Dengue claims Year Two pupil in Terengganu

KUALA TERENGGANU: A Year Two pupil became the latest dengue casualty in the state, bringing the total number of dengue deaths to seven.

State Health Department director Dr Mohammad Omar on Friday said the eight-year-old girl of SK Seri Budiman 2 died at 3.30pm on Thursday at Hospital Sultanah Nur Zahirah.

She was from Jalan Masjid, Batu Burok, here.

"This is the fourth death involving a student this year," he told reporters after a gotong-royong event here.

As of Friday, Dr Mohammad said the state had recorded 776 cases in 37 dengue outbreak localities, including three hotspots: Panji Alam, Chendering Pantai and Losing Haji Mat Shafie.

More dengue deaths as Zika looms
ROYCE TAN The Star 5 Feb 16;

KAJANG: Barely over a month into the new year, fighting dengue remains a priority for the country with an alarming rate of 37 deaths so far.
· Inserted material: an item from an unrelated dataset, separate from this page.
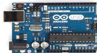
Fig2: diagram of arduino

Arduino UNO is a microcontroller board based on the ATmega328 (datasheet). It has 14 digital input/output pins (of which 6 can be used as PWM outputs), 6 analog inputs, a 16 MHz ceramic resonator, a USB connection, a power jack, an ICSP header, and a reset button. The Arduino UNO can be

The desperation is further driven by the looming Zika epidemic.

The number of deaths is only slightly lower than the 40 recorded from Jan 1 to Feb 2 last year.

The number of cases were higher at 15,251 compared to 13,251 during the same period last year.

Selangor topped the list with 7,355 cases, followed by 2,379 cases in Johor and 994 in Kuala Lumpur and Putrajaya.

Twelve dengue deaths were recorded in Selangor, seven in Penang and six in Terengganu.

Health Minister Datuk Seri Dr S. Subramaniam said it was even more worrying with the Zika scare hovering.

The World Health Organisation warned that the virus was spreading in the Americas, with three to four million cases expected this year.

Closer to Malaysia, an Indonesian research team has found a positive Zika case in Sumatra on Sunday.

Dr Subramaniam said getting rid of the breeding grounds was the root solution to bringing dengue under control.

The effort, he said, would also be important to prevent the spread of the Zika virus.

“We constantly carry out methods such as widespread larvicidal spraying to destroy larvae and outdoor residual spraying, which is best when used on high-rise residences,” he said after visiting the Seri Cempaka Apartment in Bandar Baru Bangi here yesterday.

The apartment, which had 41 dengue cases last month, was one of the 233 hotspots nationwide.

There were six dengue outbreaks at the apartment last year and the longest was for three months.

In Johor Baru, the public especially urbanites have been told to clean up their act to prevent any more unnecessary deaths due to the dengue virus.

Johor Health and Environment committee chairman Datuk Ayub Rahmat said the virus had already claimed three deaths in Johor, which was one more than the two recorded in January last year.

The state also saw a total of 2,115 dengue cases in January, a 201.7% increase from the 701 cases recorded for the same period last year.